In an action to recover damages for personal injuries, the plaintiff appeals from so much of an order of the Supreme Court, Kings County (Rappaport, J.), dated February 28, 2001, as granted her motion to strike the answer of the defendant Lynise Walters only to the extent that it precluded that defendant from producing evidence at trial unless she submitted to a deposition within a certain time.
Bader, Yakaitis Nonnenmacher, LLP, New York, N.Y. (John J. Nonnenmacher of counsel), for appellant.
Longo D'Apice, Brooklyn, N.Y. (Mark Longo and Jonathan Tabar of counsel), for respondent.
Before: DAVID S. RITTER, J.P., GLORIA GOLDSTEIN, WILLIAM D. FRIEDMANN, SANDRA J. FEUERSTEIN, STEPHEN G. CRANE, JJ.

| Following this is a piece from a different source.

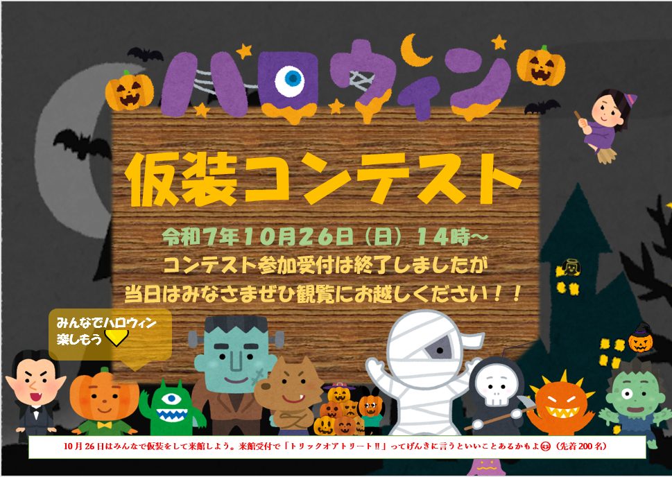 仮装コンテストの参加者募集は、おかげさまで定員に達しましたので受付を終了しました。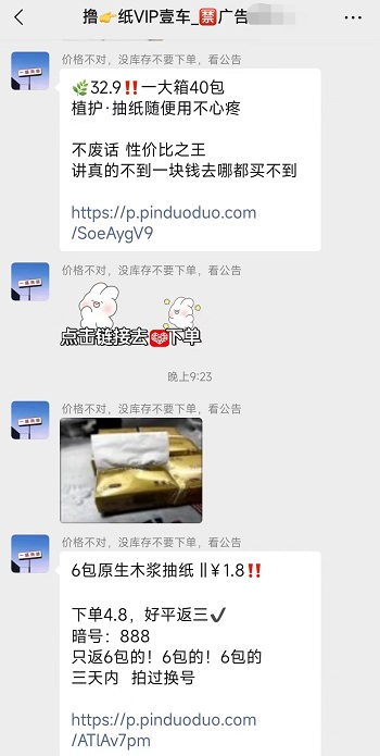 撸纸群也是非常好的引流工具之一,对于大部分人是很有吸引力的,因为纸巾作为大家的高日常高消耗品,使用量很大,而在撸纸群可以低价买卷纸和抽纸。

ORDERED that the order is reversed insofar as appealed from, with costs, and the motion is granted to the extent that the answer of Lynise Walters shall be stricken unless she submits to a deposition; and it is further,
ORDERED that the deposition shall be held at a time and place to be specified in a notice of not less than 30 days to be given by the plaintiff and served upon the attorney for the defendant Lynise Walters.
In opposition to the plaintiff's motion to strike the answer of the defendant Lynise Walters, her attorney merely alleged that his office had written to her at her last known address but had difficulty communicating with her. The attorney did not detail any other good-faith efforts made to contact Walters. The fact that a defendant has disappeared or made herself unavailable provides no basis for denying a motion to strike her answer for failure to appear at a deposition (see, Torres v. Martinez, 250 A.D.2d 759). Under the circumstances of this case, the Supreme Court improvidently exercised its discretion in conditionally precluding Walters from producing evidence at trial, rather than conditionally striking her answer.
RITTER, J.P., GOLDSTEIN, FRIEDMANN, FEUERSTEIN and CRANE, JJ., concur.